The Impact World this Week: 24 May 2024

The most interesting news snippets from around the world. This week: The social enterprise community pays tribute to David LePage, a new report highlights the value of social value and a strategy to mobilise £1tn of impact capital is launched.

Canada: Social enterprise giant David LePage died last week at 75. A social entrepreneur himself, LePage played a major role in developing the social enterprise ecosystem in Canada and internationally, as the founder of Buy Social Canada and the Social Enterprise Council of Canada, and as a Social Enterprise World Forum board member. He was much loved by the social enterprise community in Canada and beyond. In a moving obituary, Buy Social Canada described him as a “a mentor, a co-conspirator, an aggravator (in the best way) and a true revolutionary. He believed that we have everything we need to make our communities healthy and whole”.

UK: Social value is increasingly valued in the UK, says a new report, which found organisations on average are delivering more social value than they are committed to. The Social Value Insights report, published by Social Value Portal this week, shows that social value delivery grew by 650% from 2020 - 2023, with £7.3bn delivered in 2023 alone. Key findings from the report include local government being among the top performing sectors, smaller businesses outperforming larger organisations on social value and London, Scotland and the South East of England delivering the most social value since 2016.

UK: An ambitious five-year strategy aimed at mobilising £1tn of impact capital to investments that benefit people and the planet has been launched by the Impact Investing Institute. Over the next five years, the independent, non-profit organisation, established in 2019 to accelerate the field of impact investing in the UK and globally, aims to see £500bn invested to enable a just transition by advancing climate and environmental action and improving socio-economic distribution and equity. 

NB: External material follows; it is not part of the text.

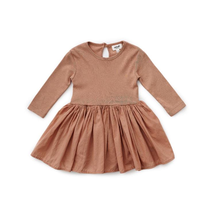 女童焦糖色棉连衣裙
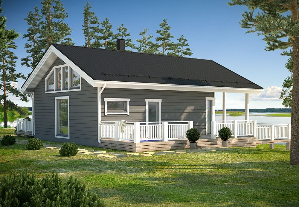 В базовую комплектацию входит: свайно-винтовой фундамент, домокомплект зимнего дома с толщиной стены 190 мм, утепленный пол, утепленная крыша, окна (двойной стеклопакет), деревянные межкомнатные двери, входная металлическая дверь, покрытие крыши кровельным материалом (металлочерепица), монтаж дома.

Global: Faith-based NGOs are keen on impact finance but concerns about risks remain a barrier. According to a new discussion paper, 78% of faith-based NGOs say it is “likely” they will adopt alternative financial models such as impact investment, blended finance, development impact bonds and recoverable grants within three years. From Aid to Investment: Learnings for faith-based NGOs, foundations and other grant recipients was published by NGO FaithInvest and Christian Aid’s Salt Business Network on 20 May. It found that faith-based aid agencies were “very interested” in innovative ways of funding development, but had concerns about the risk of investments failing, lack of staff expertise and changes in staff culture and perception. The data collected is based on a sample of 25 development agencies, the majority of which are faith-aligned, headquartered in Europe or North America and focusing on work in the Global South. 

UK: The largest expansion of grassroots funding in 30 years has been announced by The National Lottery Community Fund, the biggest community funder in the UK, as it unveiled its new corporate plan for 2024-27. The three-year plan aims to direct funding to more than 80% of areas across the UK, with more than 50% of all grants going to communities experiencing greatest poverty and disadvantage, while at least 15% of funding will go to environmental sustainability projects. David Knott, CEO of The National Lottery Community Fund, said: “This plan puts tackling inequality and taking an equity-based approach at the core of what we do. We pledge to extend grassroots funding to communities across the UK, concentrating on reaching places that have not previously sought funding and staying rooted in the communities we serve.”

Movers and Shakers

  • Niklas Adalberth, founder of the Norrsken Foundation, a non-profit dedicated to supporting social entrepreneurship, received the 2024 Esade Award for his innovative business leadership and his commitment to social causes. The Esade Award is presented by academic institution Esade.
  • Penny Hogan is the new chief financial officer of Unity Trust Bank. Hogan has 14 years experience in financial services, including positions at the Co-operative Bank and Deloitte.
  • Kieron Boyle, CEO of the Impact Investing Institute, has been appointed to a new role as chair of the Institute to help deliver its new five-year strategy and continue its long-term mission. The current chair, Dame Elizabeth Corely, will become chair emerita. Boyle will remain in his role as CEO until October 2024 and will be succeeded by Bella Landymore and Sarah Teacher, who have been appointed as co-CEOs of the Institute. Boyle has also been announced as new director of the London School of Economics' 100x Impact Accelerator.
  • Disability rights activist Dr Kush Kanodia has received the 2024 Campaigner of the Year Award from the Sheila McKechnie Foundation for a campaign he led on creating reasonable adjustments for disabled people in London’s ULEZ scheme

Figure of the week: £287m. That’s the amount lent to under-served businesses, social enterprises and households by CDFIs in the UK last year – a record high in their 30-year history – according to a new report by Responsible Finance. Community development finance institutions are not-for-profit organisations that provide loans to social enterprises, businesses and households that would otherwise not be able to access mainstream finance. The report reveals they made 90,531 loans in 2023, with 66% made to women and 11% to people of colour.